— GIVEN MATERIAL —
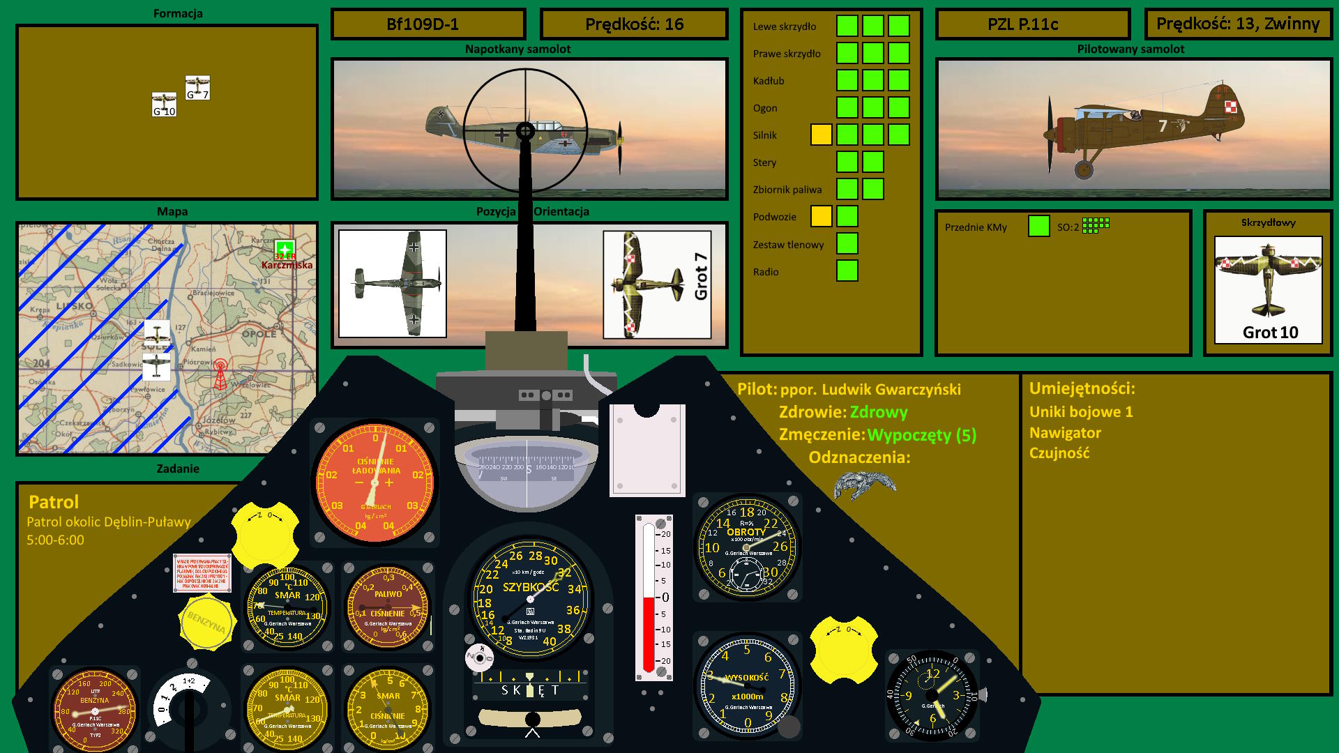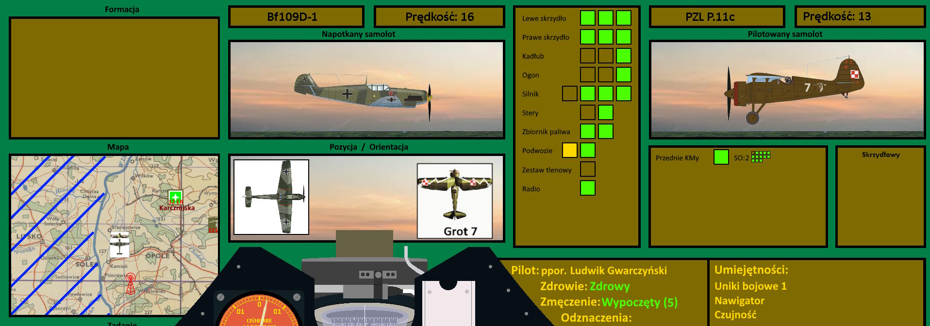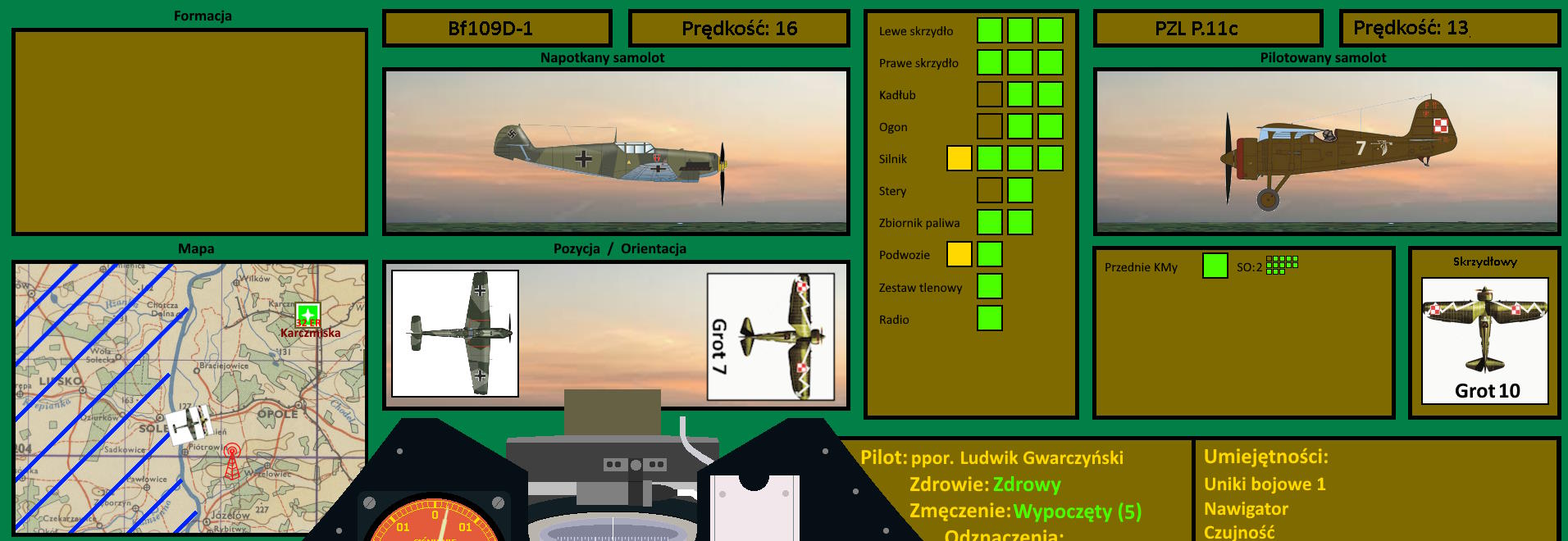 Samolot niemiecki może atakować samolot polski lub może umożliwić atak skrzydłowemu.
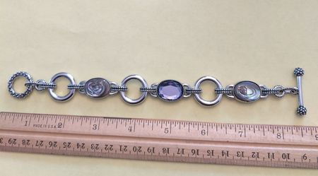Lia Sophia Silver Tone Link Bracelet Purple Rhinestone And Abalone Accents $5Oregon City, OR
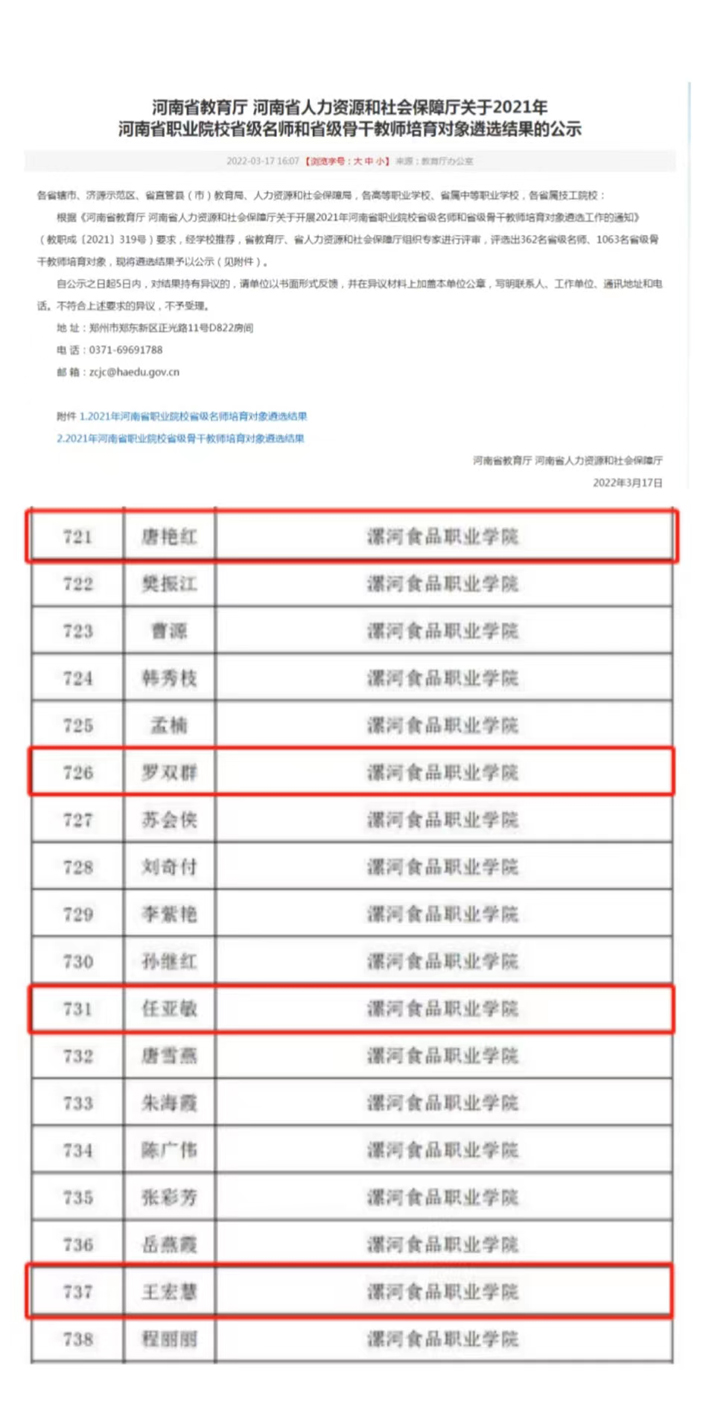 2022/03/18祝贺食品检测系四位老师被评选为“2021年河南省职业院校省级骨干教师培育对象”

— WHAT TO PRODUCE —
All of the preceding material should be output verbatim, with the pictures excluded.

— TASK ANSWER —
 Samolot niemiecki może atakować samolot polski lub może umożliwić atak skrzydłowemu.
Lia Sophia Silver Tone Link Bracelet Purple Rhinestone And Abalone Accents $5Oregon City, OR
 2022/03/18祝贺食品检测系四位老师被评选为“2021年河南省职业院校省级骨干教师培育对象”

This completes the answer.